# Stop Loss and taking profit



## Peter2047 (28 August 2012)

Hi All,

I would like to seek comment from experts here. I follow this method. 
1. Cut loss if price drop 10% below my cost.
2. Take profit if price pull back from peak.
% gain  pull back  take profit
10%      3%          7%
20%      5%          15%
30%      9%          21%

This is the chart.



Please help comment if this an effective approach. Any improvement ?
Thanks in advance.


----------



## Peter2047 (1 September 2012)

Judging from the respond, I think this may not be an appropriate topic. 
My apology.


----------



## wombat40 (1 September 2012)

What the heck are you on? Let me know, i want some...lol


----------



## Joules MM1 (1 September 2012)

Peter2047 said:


> Judging from the respond, I think this may not be an appropriate topic.
> My apology.




real life examples get a productive response.......different to theoretical and philosophic ideas.....at some point you have to get to "this is where i entered and this is where i closed" and "i entered here because, i closed here because" .....so try that route next.......

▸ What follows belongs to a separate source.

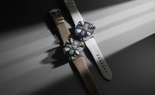 The clean lines and the smooth finish of the cases – of both the watch and the clock – are instant enticers, but the charm lies in their dials. The center of the dial is minimalist, it features four strokes marking the 12, 3, 6, and 9 o’clock positions. This unembellished center amplifies the retro aesthetic while the timepieces scale up to modernism high with a labyrinth-style periphery of the center.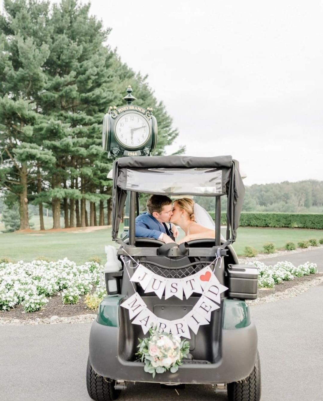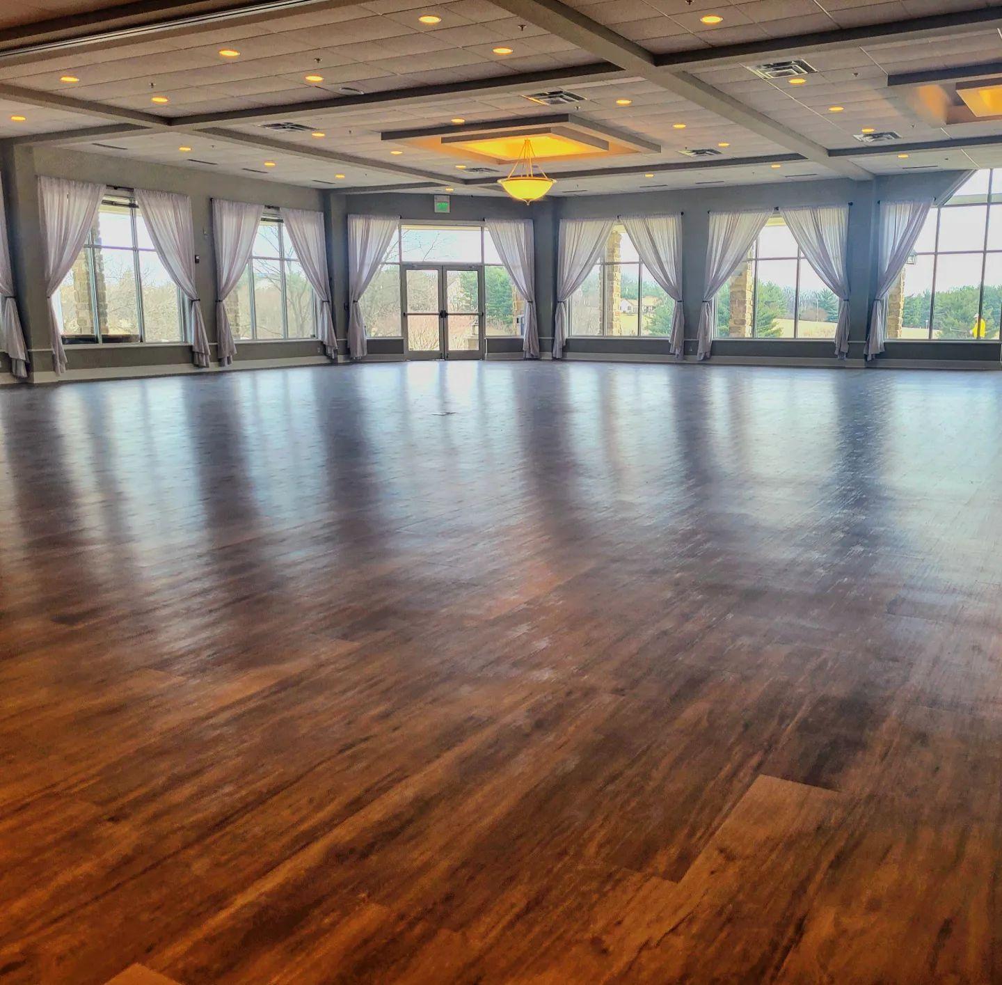 The Piney Branch Golf Club is an award-winning wedding venue in Upperco, Maryland. Piney Branch offers a classic venue option for couples who want an elegant indoor vibe with picturesque views outside. Draped curtains and gold chiavari chairs provide a regal touch to the ballroom while twinkling bistro lights illuminate the outdoor covered pavilion. Couples may host up to 250 wedding guests within Piney Branch’s ballroom event space. The covered pavilion is perfect for cocktail hours, ceremonies and seated events for under 75 guests.

two accounts compete for price, it's an auction, nothing theoretical, nothing linear, just an auction.....


----------



## Peter2047 (2 September 2012)

Joules MM1 said:


> real life examples get a productive response.......different to theoretical and philosophic ideas.....at some point you have to get to "this is where i entered and this is where i closed" and "i entered here because, i closed here because" .....so try that route next.......
> 
> two accounts compete for price, it's an auction, nothing theoretical, nothing linear, just an auction.....




Here is the real example of my trade on XLF.
Ticker	XLF
Buy Date	19-Feb-12
Buy price	14.07
Exit Date	27-Aug-12
Exit price	15.13
% gain	7.5%
Peak	15.98
Max gain	13.6%
% pull back	-6.0%

I suppose there is no best answer for the "% of pull back from peak".
Based on the chart, I should exit at -3%.


----------